Quantitative and Qualitative Assessment of Indoor Exploration Algorithms for Autonomous UAVs
Adil Farooq, Christos Laoudias, Panayiotis S. Kolios, Theocharis, Theocharides

TL;DR
This paper evaluates 2D LiDAR-based indoor exploration algorithms for autonomous UAVs, considering battery life and environment complexity, through extensive simulations to identify their strengths and limitations.
Contribution
It introduces a novel battery consumption model and provides a comprehensive simulation-based assessment of exploration strategies in diverse indoor scenarios.
Findings
Strategies vary significantly with environment complexity
Battery consumption critically impacts exploration endurance
Initial entry point influences exploration efficiency
Abstract
Indoor exploration is an important task in disaster relief, emergency response scenarios, and Search And Rescue (SAR) missions.
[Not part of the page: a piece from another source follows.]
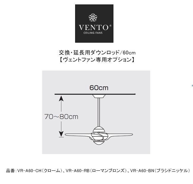 交換・延長用ダウンロッド/60cm/品番:VR-A60-CH(クローム)、VR-A60-RB(ローマンブロンズ)、VR-A60-B...

Unmanned Aerial Vehicle (UAV) systems can aid first responders by maneuvering autonomously in areas inside buildings dangerous for humans to traverse, exploring the interior, and providing an accurate and reliable indoor map before the emergency response team takes action. Due to the challenging conditions in such scenarios and the inherent battery limitations and time constraints, we investigate 2D autonomous exploration strategies (e.g., based on 2D LiDAR) for mapping 3D indoor environments. First, we introduce a battery consumption model to consider the battery life aspect for the first time as a critical factor for evaluating the flight endurance of exploration strategies. Second, we perform extensive simulation experiments in diverse indoor environments…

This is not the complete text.